You can have 5 classes to teach, 4 deadlines to meet, and a marathon to run, but BIPW will best you every time. “I’m doing all that, AND I’m expected in New Zealand any minute,” he’ll say. To which I’m tempted to respond, “I just got back from there and I’m packing for Greenland.”

I never like myself when I get into that mode of claiming to be a BPIW. It makes me tense about my life and my projects. I’d rather take it easy and think how lucky I am to have many things to do, instead of trying to impress people with my to-do list. That’s what happened last week when a friend came for lunch and announced, “I can’t stay very long. I’m very busy.” No, I didn’t say, “Sorry to keep you from your busyness,” or whip out my own to-do list. But I wanted to.

I had a colleague once who was a BPIW and also a BMIW (busiest mother in the world.) If I came into the office with a new jacket, she’d moan about how she’d love a new jacket, but she had to feed her children. If I went to a movie, she’d complain that she hasn’t had time for a movie since her twins were born. The only way I got her to stop was to confront her with, “Gee, BMIW, you make me very happy I never had children. I’m so sorry you weren’t so lucky.”
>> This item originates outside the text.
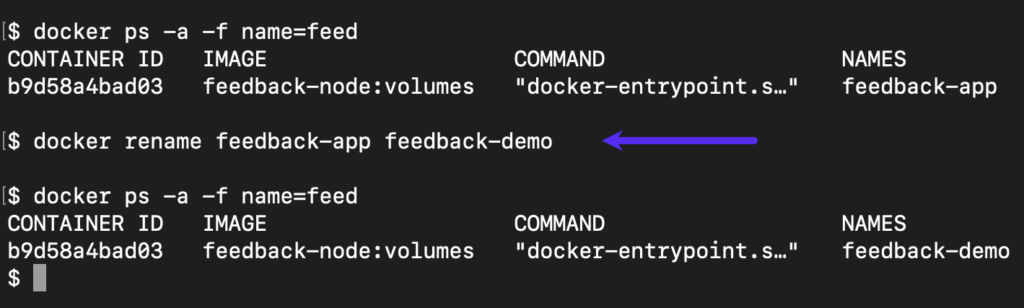使用此命令重命名容器。如果您有多个容器,并希望根据用途对它们进行区分,那么这条命令就非常有用。

Here’s a paraphrase of one of my favorite cartoons: God is on a cell phone, saying “I’m sorry, I can’t. I have to be everywhere.”

Now, that’s busy.

Top Scenic Views

Recently, on TheLadyKillers, we were asked to post about SCENIC VIEWS.

No problem for me. I know that some people love mountains for themselves, but I think of them as raw material for buildings.

What is scenic for me has to involve human creativity — using the stuff of the universe to create something beautiful. A few examples:

The New York Public Library, home to 53.1 million items.

Grand Central Terminal.

From a room with a view: 42nd St.

As you see, like Woody Allen, I am 2 with nature.